Tutorial to use our exoplanet.eu API

All of our database is accessible in python via our API. Here, we show how to use the API to query our database and collect/handle the data you want in an easy way. 

Our API is very general as it has been developed by the Virtual Observatory (VO) for all of the databases they give access to (exoplanet.eu being one among many). As such, the syntax presented in this tutorial can be used for other databases (that can be found here: http://vespa.obspm.fr/) very easily.

QUICK START 

1) The first thing to do to use our API in python is to install one package called pyvo to your python libraries (just type in: pip install pyvo, or use your favorite way of installing new packages).

2) When this is done, open a new python file (or do it interactively with ipython) and then import this new pyvo module: 

import pyvo

3) Select the service you want to use (here the exoplanet database is part of the more general planeto service, which includes many databases, see here, e.g. you have access to asteroid and cometary databases, the minor planet center, ... but some other services that are hosting non-planet-related databases can also be accessed):

service = pyvo.dal.TAPService("http://voparis-tap-planeto.obspm.fr/tap")

4) Now you have to query this selected service and select the right exoplanet.eu table, which is exoplanet.epn_core as can be seen here. The language to query is based on SQL and is called ADQL (Astronomical Data Query Language), which is a language to retrieve information from tables stored in a database. We will detail more about the query possibilities later in this tutorial (point 16). For now, let's query all the fields (*) in the main database exoplanet.epn_core for planets that have semi-major axes lower than 5 au:

query = "SELECT * FROM exoplanet.epn_core WHERE semi_major_axis < 5"
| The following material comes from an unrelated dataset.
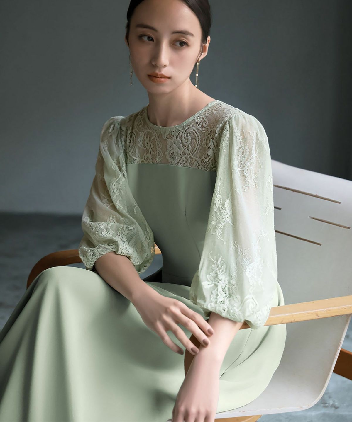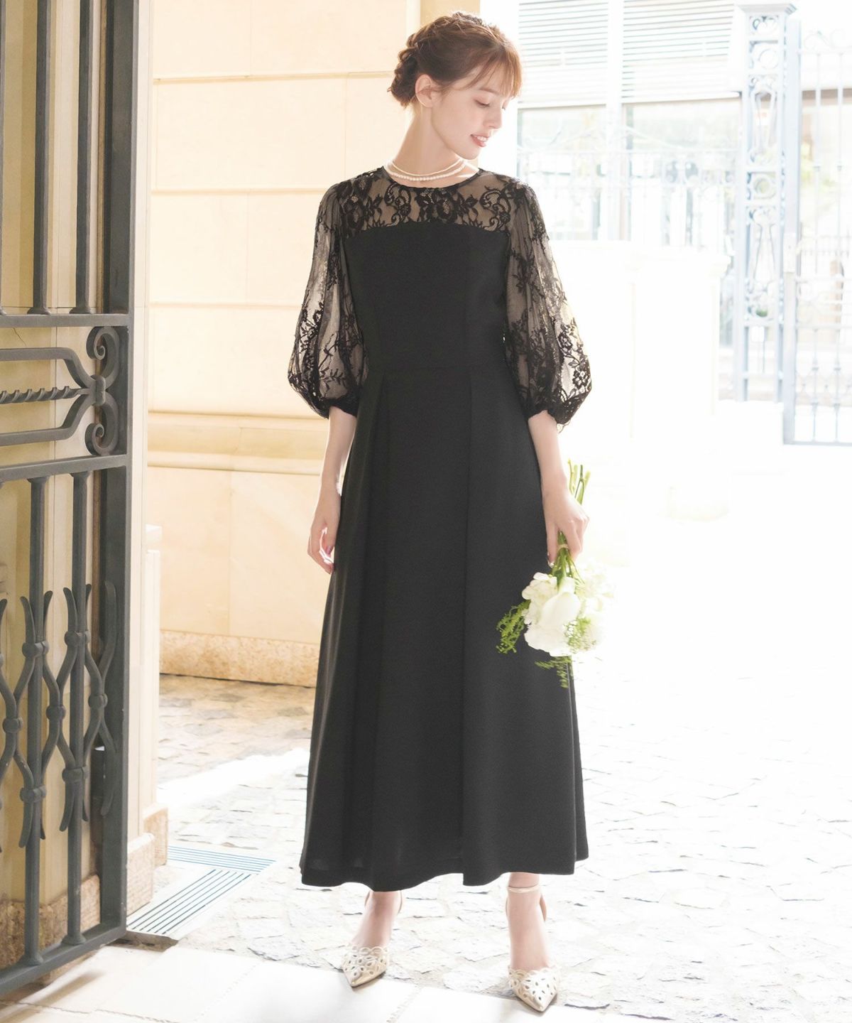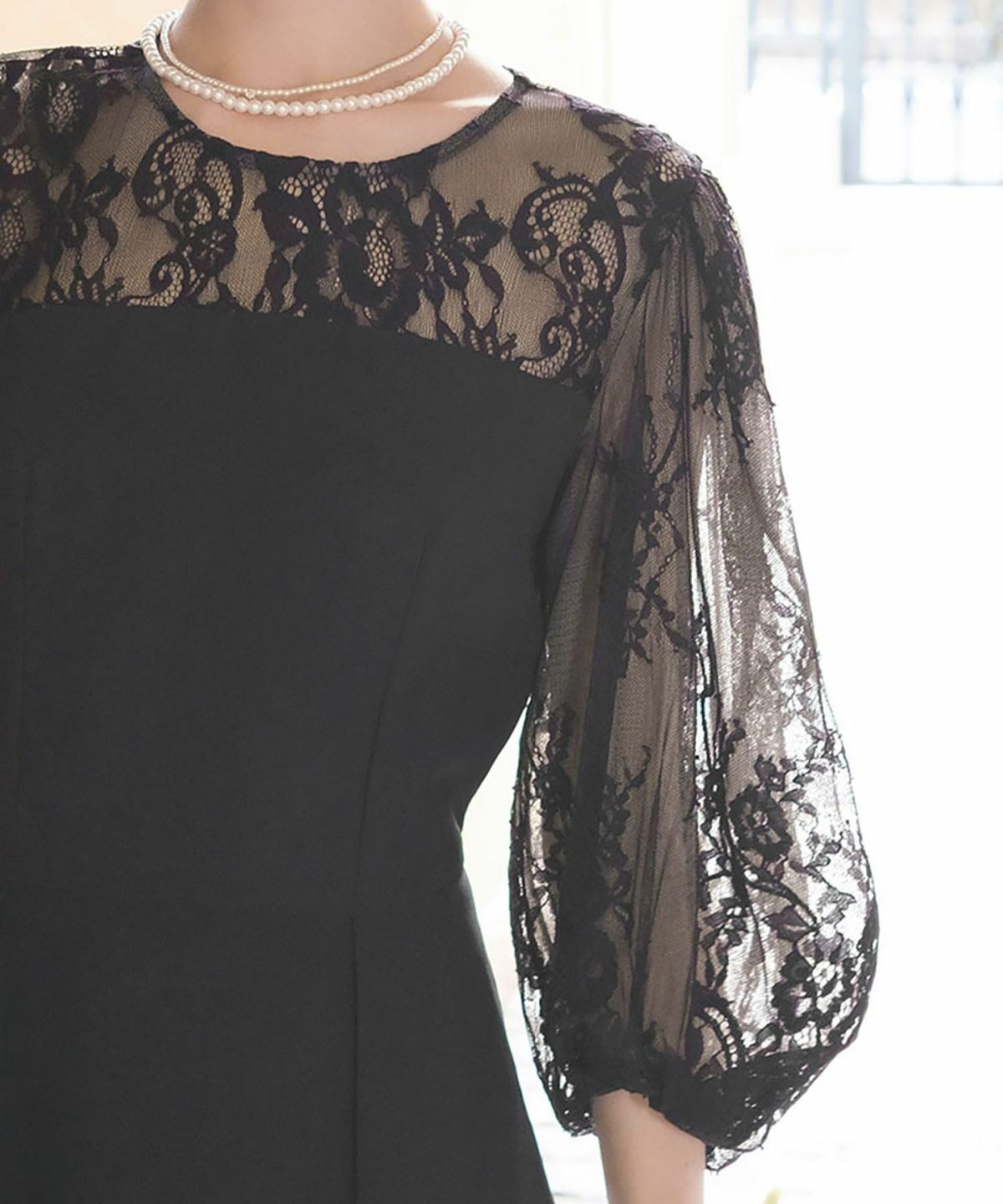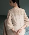見頃は透け感のないしっとりとした生地を、ヨークと袖はチュールの裏地が付いた柔らかなレース素材を使用しています。

5) To get the results of your query in a table called results, you should type in:

results = service.search(query) 

6) When we have the results of our query stocked in the results array. We can first check the number of rows (i.e. planets) corresponding to our query by typing:

len(results)

7) And the number of columns (fields):

len(results[0])

8) In order to get a specific value for a given field (here the target_name field for instance), one can use:

results[0].get('target_name') or results['target_name',0]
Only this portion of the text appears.